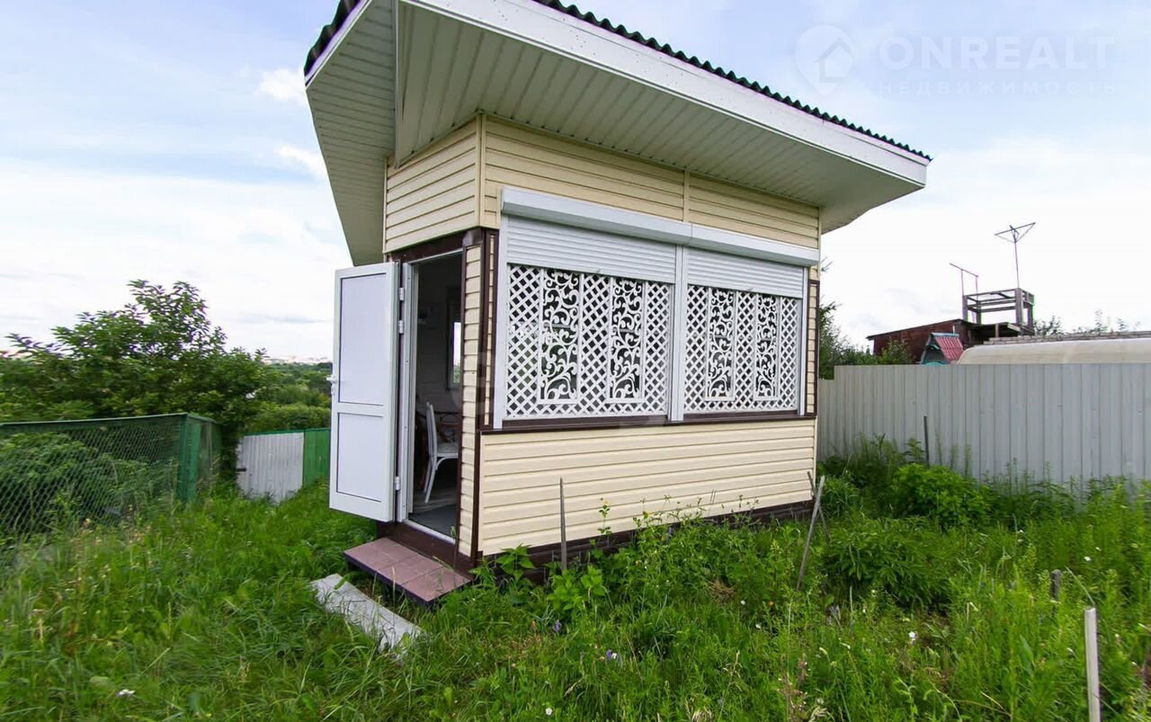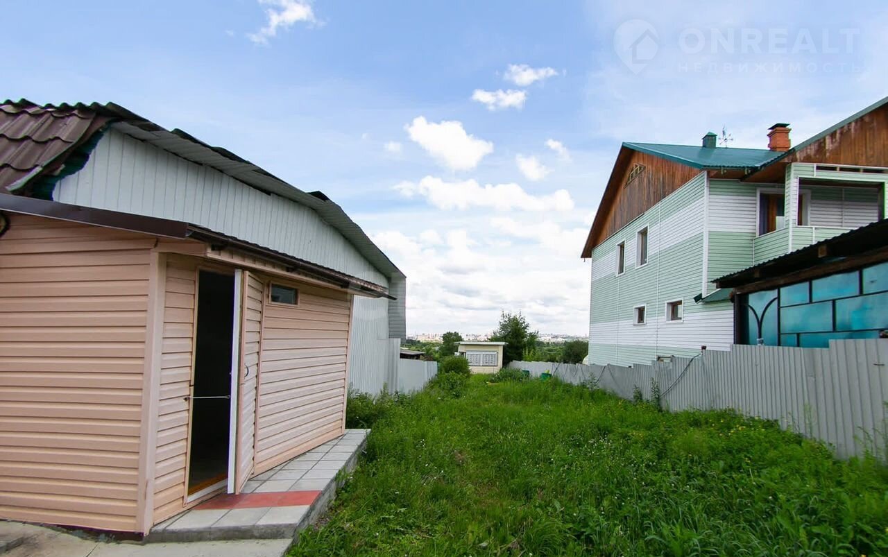 Участок благоустроен: здесь расположена комфортная крытая беседка, из которой открывается панорамный вид на город и реку, создавая идеальное место для отдыха на свежем воздухе.
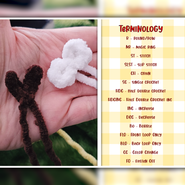- Crocheting in spiral - Magic ring - Chain - Single crochet - Half Double Crochet - Half Double Crochet Increase - Bobble - FLO - BLO - CC - Increase - Decrease - Color Change - Fasten off
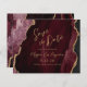 This elegant wedding save the date card features a background image of burgundy red watercolor agate trimmed with faux gold glitter. The customisable text combines gold-coloured modern handwriting, copperplate and italic fonts. The reverse side features a coordinating burgundy and gold agate design.
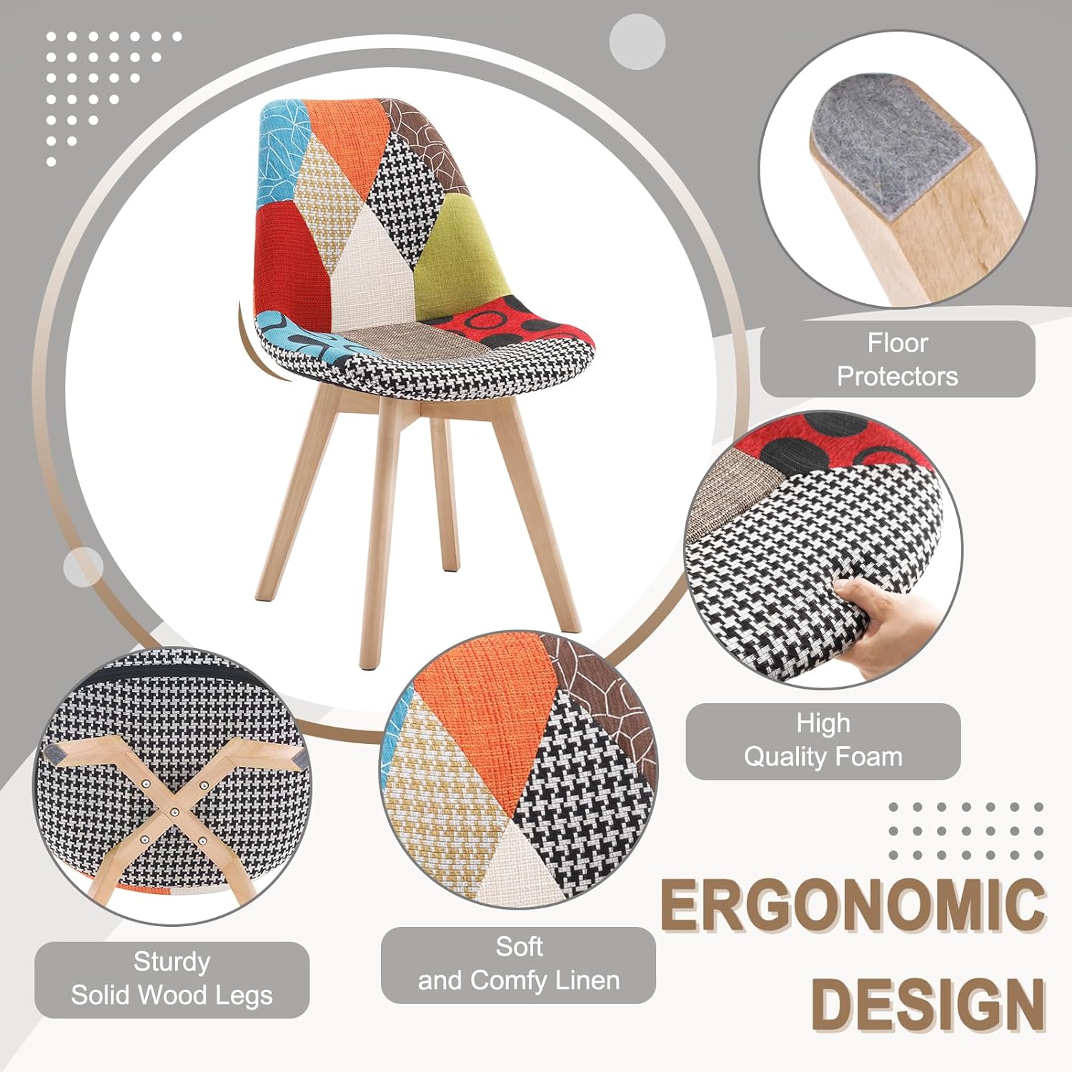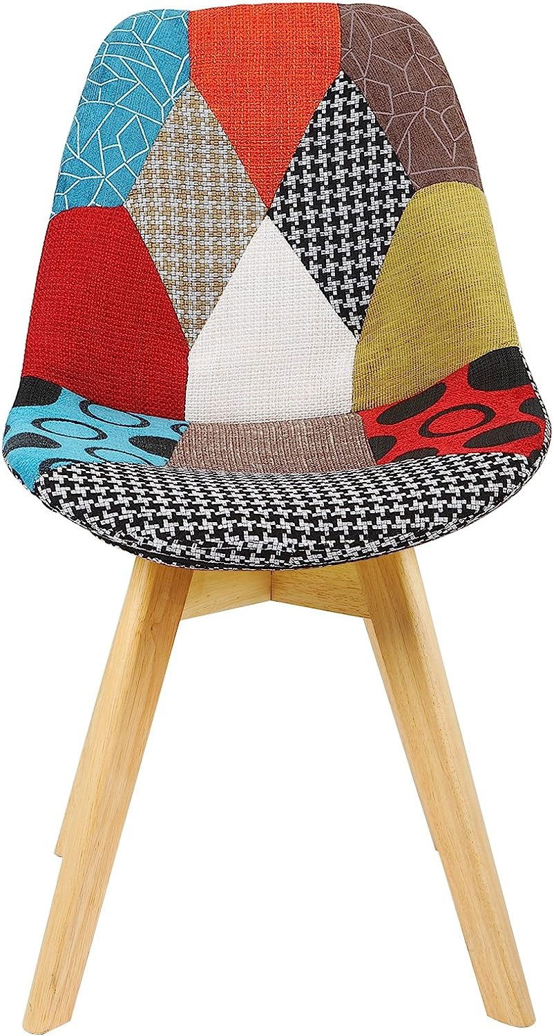 - WIELOFUNKCYJNE KRZESŁO: Patchworkowy design i nogi z litego drewna idealnie łączą styl skandynawski i rustykalny. Z łatwością spełni Twoje potrzeby. Jego rozsądne rozmiary idealnie sprawdzą się w jadalni, salonie lub pokoju rekreacyjnym. Można go również używać jako fotela do makijażu w sypialni lub jako fotela biurowego w gabinecie.
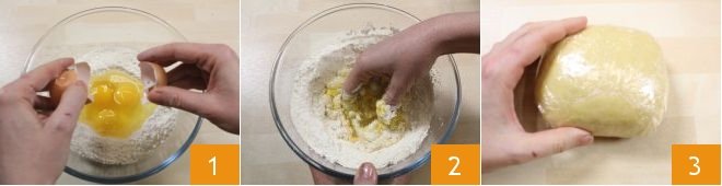 To prepare the bigoli with asparagus, artichokes, and pea pesto, start by making the Homemade pasta (sheets and shapes): in a bowl, pour the flour, create the classic well, and pour the eggs in the center 1. Then start working the ingredients with your hands, gradually incorporating the flour 2. Transfer the dough onto a work surface and knead it for at least 10 minutes until you obtain a smooth and homogeneous mixture. Form a dough ball and wrap it with plastic wrap 3, then let it rest at room temperature for about 30 minutes.
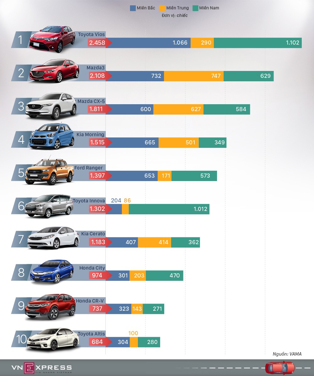 [Infographic] 10 ôtô bán chạy nhất Việt Nam tháng trước Tết
--------------------
> [What needs to be done]: Exact lines, nothing more: output the one with "This elegant wedding" and every later line through the end of the data, skipping pictures.

> [Answer section]:
 This elegant wedding save the date card features a background image of burgundy red watercolor agate trimmed with faux gold glitter. The customisable text combines gold-coloured modern handwriting, copperplate and italic fonts. The reverse side features a coordinating burgundy and gold agate design.
 - WIELOFUNKCYJNE KRZESŁO: Patchworkowy design i nogi z litego drewna idealnie łączą styl skandynawski i rustykalny. Z łatwością spełni Twoje potrzeby. Jego rozsądne rozmiary idealnie sprawdzą się w jadalni, salonie lub pokoju rekreacyjnym. Można go również używać jako fotela do makijażu w sypialni lub jako fotela biurowego w gabinecie.
 To prepare the bigoli with asparagus, artichokes, and pea pesto, start by making the Homemade pasta (sheets and shapes): in a bowl, pour the flour, create the classic well, and pour the eggs in the center 1. Then start working the ingredients with your hands, gradually incorporating the flour 2. Transfer the dough onto a work surface and knead it for at least 10 minutes until you obtain a smooth and homogeneous mixture. Form a dough ball and wrap it with plastic wrap 3, then let it rest at room temperature for about 30 minutes.
 [Infographic] 10 ôtô bán chạy nhất Việt Nam tháng trước Tết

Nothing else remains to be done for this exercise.